RECORDED INFORMATION:
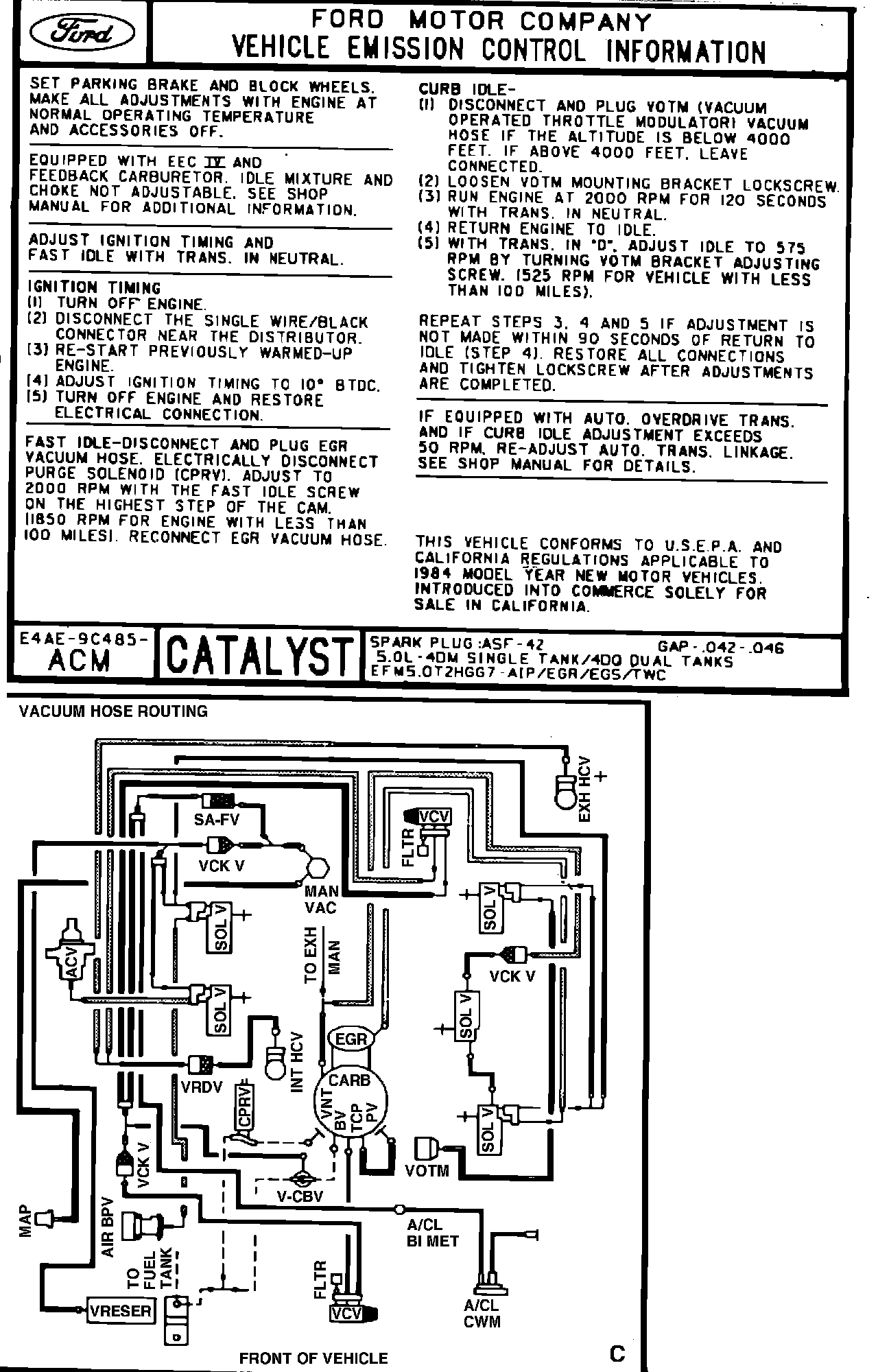 MODEL YEAR: 1984 ENGINE: 5.0L
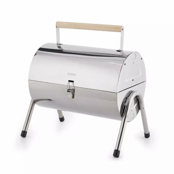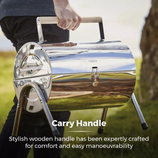 Portable Barrel Grill With Wooden Carry Handle Black | Homeware Tower Housewares Charcoal
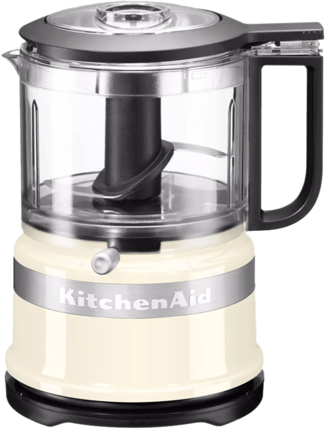 De KitchenAid 5KFC3516EAC Amandelwit is met zijn compacte formaat geschikt voor dagelijks gebruik in de keuken. Want hoewel de keukenmachine bijzonder licht en handzaam is, hakt, mixt of pureert het roestvrijstalen mes met gemak rauwe groenten, fruit, kruiden of noten. De keukenmachine beschikt over 2 snelheden en een pulse-stand om met extra kracht wat grotere ingrediënten fijn te malen. De mengkom heeft een inhoud van 0,83 liter en is af te sluiten met een deksel. Wil je tijdens het gebruik nog iets toevoegen? Via de opening in het deksel is dat zo gebeurd. Na gebruik gaat zowel de mengkom als de deksel gewoon de vaatwasmachine in en berg je de keukenmachine netjes op dankzij de snoeropbergmogelijkheid.

WHAT IS NEEDED: Omitting the images, copy the listing exactly.

EXPECTED ANSWER:
 MODEL YEAR: 1984 ENGINE: 5.0L
 Portable Barrel Grill With Wooden Carry Handle Black | Homeware Tower Housewares Charcoal
 De KitchenAid 5KFC3516EAC Amandelwit is met zijn compacte formaat geschikt voor dagelijks gebruik in de keuken. Want hoewel de keukenmachine bijzonder licht en handzaam is, hakt, mixt of pureert het roestvrijstalen mes met gemak rauwe groenten, fruit, kruiden of noten. De keukenmachine beschikt over 2 snelheden en een pulse-stand om met extra kracht wat grotere ingrediënten fijn te malen. De mengkom heeft een inhoud van 0,83 liter en is af te sluiten met een deksel. Wil je tijdens het gebruik nog iets toevoegen? Via de opening in het deksel is dat zo gebeurd. Na gebruik gaat zowel de mengkom als de deksel gewoon de vaatwasmachine in en berg je de keukenmachine netjes op dankzij de snoeropbergmogelijkheid.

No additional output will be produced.